The next year Gueslaff was condemned to ten years of hard labour for an attempt at Montceau-les-Mines, which he made at the instigation and under the direction of a police agent.

Three years later—to pass rapidly on—anarchists were sentenced for revolutionary speeches at Laon. In 1890 Merlino, Malato, and Louise Michel were incarcerated on the same charge. There was an indiscriminate and purely preventive ingathering (_rafle_) of anarchists the 22d of April, 1892, in prevision of the trial of Ravachol and the dreaded demonstration of May 1, and another _rafle_, also indiscriminate and purely preventive, on the New Year’s Day preceding the execution of Vaillant,—a measure which wrought untold injury—could governmental malice or stupidity go farther?—to anarchist workingmen, and brought untold suffering on their families, from the fact that it coincided with the moment for the payment of the January rent (_terme_).[35] It was of the former _rafle_, in which he was included, that the littérateur Zo d’Axa, in his piquant _De Mazas à Jérusalem_, wrote:—

“The police drag-net trick of this month of April, ‘92, will become historic.

“It is the first in date among the most cynical assaults of modern times upon liberty of thought.

“The true inwardness of the affair is now known.

“The government wished to profit by the emotion caused by the explosions of the _Caserne Loban_ and the rue de Clichy to encircle in a gigantic trial of tendency the militant revolutionists. The ministry and its docile agents pretended to believe that certain opinions constituted complicity. The writer, explaining how the disinherited gravitate inevitably towards theft, became, by the simple fact of this explanation, a thief himself. The thinker, studying the wherefore of the _propagande par le fait_, became the secret associate of the lighters of tragic fuses. The philosopher had no right to counsel indulgence and to view without giddiness the facts.

“Society must rid itself of those of its members who are so corrupt as to desire it better....

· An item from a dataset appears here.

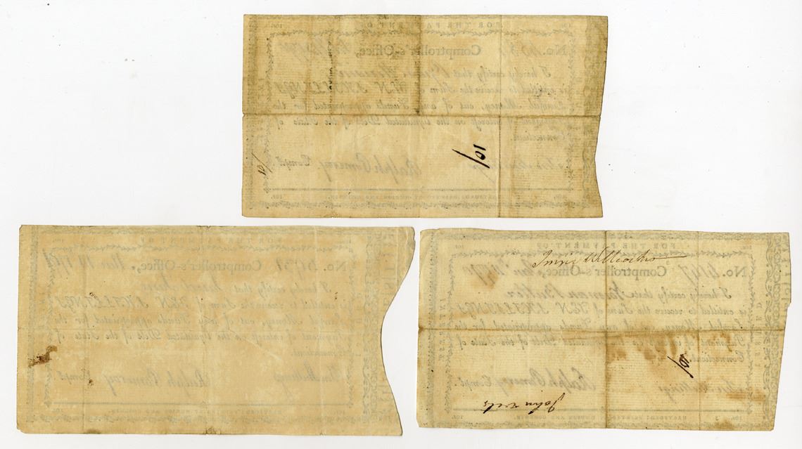 Hartford, Connecticut, 1790-91. Lot of 3, all are I/C payments of "Lawful Money, out of any Funds appropriated for the Payment of interest on the liquidated Debt of the State of Connecticut." All were issued for 10 Shillings, Black text with simple black scroll work border, cut cancelled at center, and signed by Ralph Pomeroy as Comptroller, All are in Fine to VF+ condition. Ralph Pomeroy was a notable figure in the late 18th century, serving as the Comptroller of Connecticut in 1790. His career began with significant military service during the American Revolutionary War, where he held positions such as first lieutenant and Deputy Quartermaster General for Connecticut. Following the war, Pomeroy engaged in mercantile and manufacturing activities in Hartford. Despite his attempts to secure federal appointments, including requests to George Washington, he remained active in state roles, notably managing Connecticut's finances as Comptroller, where he oversaw state debt payments and other fiscal responsibilities_. Printed by Hudson and Goodwin. (3). Sold "AS IS" no returns accepted.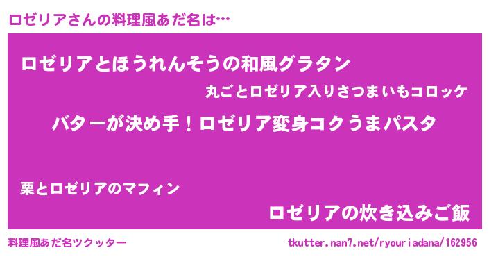 | ヘコむあだ名 | 『ロゼリア(笑)』『ロゼっ子』 |

“Evidently, the impartiality of the judges was not to be counted on. The word of command had been passed along. It would be useless to prove that not only we were not cut-purses nor cut-throats, but that no organisation existed among us, even from the political point of view. The tribunals would sentence us with the same unconcern.

“A single point was doubtful. For the success of the manœuvre it was indispensable that the other countries prosecute their refractory citizens in the same fashion.

“Well, what the French Republic had premeditated, Holland, England, and even Germany had the decency to be unwilling to undertake. The venerable monarchies did not yield to the solicitations of the young republic, which dreamed of reconstituting in an inverse sense the _Internationale_. There were parleyings to this end, but they came to nothing. The hunt of the free man was not decreed by all Europe. Our fallen democracy realised from that moment that she could not do worse than the worst autocracies.... The order was given to set us at large.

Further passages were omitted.